То, что опус Терри Райли «In С» («В тоне „до“») появился в 1964-м, вовсе не значит, что вот он появился, музыкальные критики поскребли затылки, журналы его отрецензировали, меломаны поспешно приобрели, и таким образом провернулось колесо музыкальной истории. Ничего подобного. Тогдашняя эпоха с современной точки зрения напоминает пустыню, причем ночную пустыню — вокруг ничего не происходит, а когда где-то что-то произойдет, то никто этого не заметит или заметит через много-много лет. Опус «In С» в 1964-м был сочинен и повлиял на кое-каких композиторов, но в качестве идеи, а на грампластинке вышел лишь в 1968-м. Заметить «In С» Терри Райли в конце 60-х — это было очень неплохо в смысле осведомленности в новых тенденциях.
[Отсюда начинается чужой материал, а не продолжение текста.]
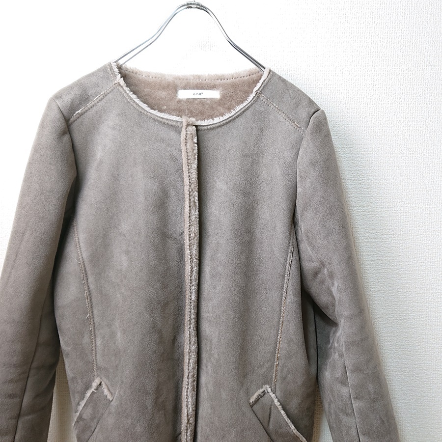 - erg イーアールジー フェイク ムートン ボア コート ノーカラー sizeL 美品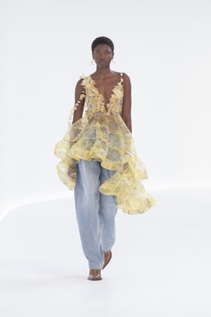 Robe asymétrique jaune pastel et jean loose aperçus sur le défilé Zimmermann © Zimmermann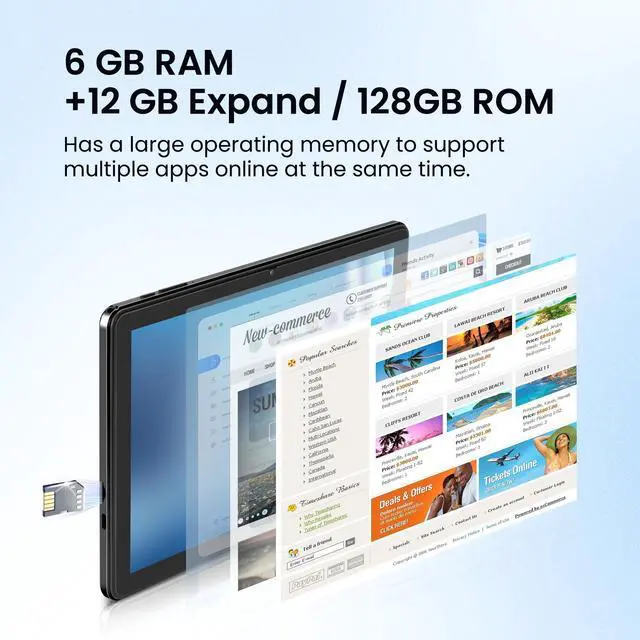 Featuring 18GB RAM (6+12GB expandable), 128GB ROM, powerful CPU, huge storage, 8.0 HD camera on the rear and 2MP camera on the front. Built-in GPS, FM radio, dual speakers, 3.5mm headphone jack. Ideal for reading, taking photos, videos, music and more.

Когда представишь себе эту ситуацию, то слово «революция» кажется не очень адекватным: что же это за революция, обнаружить которую может только археолог? Не очень понятен нам и смысл этой революции: такого сорта музыки сегодня известно много, не говоря уже о том, что маниакальные петли звука, кажется, сами собой бесконечной аморфной массой ползут из каждого персонального компьютера. Было много «такой музыки» и в докомпьютерную эпоху — в Центральной Африке или Индонезии.
Но одно дело, что такая музыка где-то существовала, и совсем другое — кто имел возможность до нее дотянуться. Нам сегодня сложно оценить, как и кем в 60-х в разных местах, в Европе и США, в разных городах, в разных богемных тусовках, воспринимались свободный джаз, индийские раги, поэзия битников, живопись Джексона Поллока и музыка Карлхайнца Штокхаузена.
Сериализм, то есть тот фундамент, на котором покоился европейский авангард, давил своей теоретической сложностью, серьезностью и неисполняемостью. Американский минимализм маниакальной изменчивости европейской музыки противопоставил маниакальную же статичность. В «In С» Терри Райли все ноты имеют одинаковую длительность — одну восьмую; это значит, что музыка проворно, но монотонно пульсирует. Каждый исполнитель должен самостоятельно двигаться по общему для всех списку из 53 несложных ритмических пассажей, так называемых модулей. Каждый из модулей обыгрывает одну и ту же ноту «до». Получается огромный холм дергающегося звука, который меняется незаметным для глаза образом.